Sterne’s work is satirical, and I quoted him ridiculing the homuncular view of development in a previous post. Indeed, it is also reminiscent of Szathmári’s Voyage to Kazohinia to the extent that both books could be seen as send-ups of hyper-mentalism: in Sterne’s case, principally such works as Burton’s Anatomy of Melancholy (left). As the editor of the Penguin edition of Tristram Shandy comments: “Sterne is the eminently ‘sane’ writer pretending to be ‘mad’ (a formal lesson he learned from Cervantes and Swift…).” Not to mention Burton, who, as a self-diagnosed depressive with symptomatic manic hypergraphia, was to that extent definitely on the psychotic side of the spectrum. Burton himself confessed that “I write of melancholy by being busy to avoid melancholy…” One of his editors concludes that The Anatomy of Melancholy, with its conversational, compulsively discursive style, can be seen as Burton’s equivalent of a "talking cure": a writing one.

Henry Fielding (1707-54), author of Tom Jones, comments in his Preface to Joseph Andrews that “Mirth and Laughter … are probably more wholesome Physic for the Mind, and conduce better to purge away Spleen, Melancholy and ill Affections, than is generally imagined.” If The Anatomy of Melancholy can hardly be seen as therapeutic in this respect, then Tristram Shandy certainly can—as indeed can the comic aspects of satires such as Gulliver’s Travels, Voyage to Kazohinia, and Gulliver’s Return.

But Burton and Sterne are not alone in portraying the psychotic extreme of the mentalistic continuum, even if they are the closest—and certainly the classic—equivalents of Defoe or Swift in English literature.

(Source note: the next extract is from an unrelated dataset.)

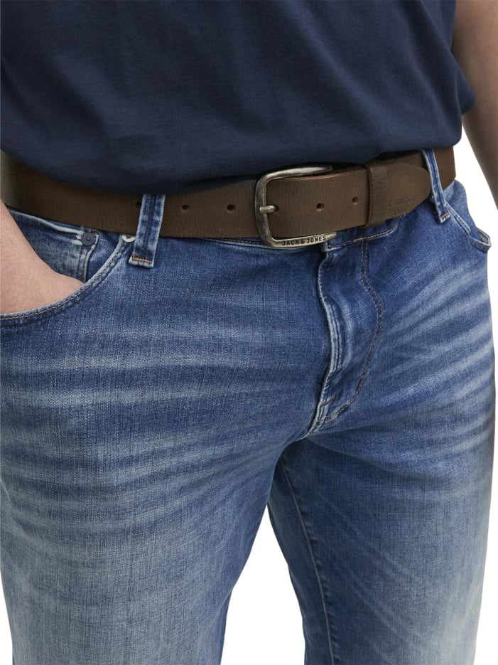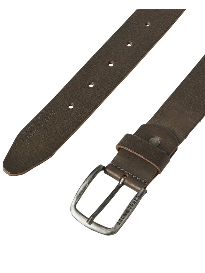 JACK & JONES Ceinture en cuir de buffle chocolat unie avec une boucle argentée rectangle

Many, much more modern writers continued the hyper-mentalistic trend, which emerged in Western literature from the nineteenth century. Examples are Nikolai Gogol, Antonin Artaud, Eugene Ionesco, Franz Kafka, August Strindberg, James Joyce, Samuel Beckett, and of course the Surrealists and writers associated with them, such as Alfred Jarry and Raymond Roussell.

But the case of Joyce—not to mention that of his compatriot Samuel Beckett, also posthumously diagnosed autistic—suggests that the language of modern mentalism has been extended in the hypo-mentalistic direction just as far. Indeed, Amar Annus has recently published a study which cogently argues this in the case of the Finnish poet, Pentti Saarikoski (1937-1983). Overall, you could claim that the genius of modern—and certainly of modernist—literature is its ability to take it to both extremes of the continuum, just as the diametric model proposes is the case in genius in general.

Perhaps most importantly of all, looking at literature this way rebuilds critical theory on a firm foundation in the diametric model—and thereby on genetics, neuroscience, and evolutionary biology. Indeed, you could see this as something which embraces the two fundamental forms of literacy discussed in previous posts: verbal and genetic. What other approach does any of this?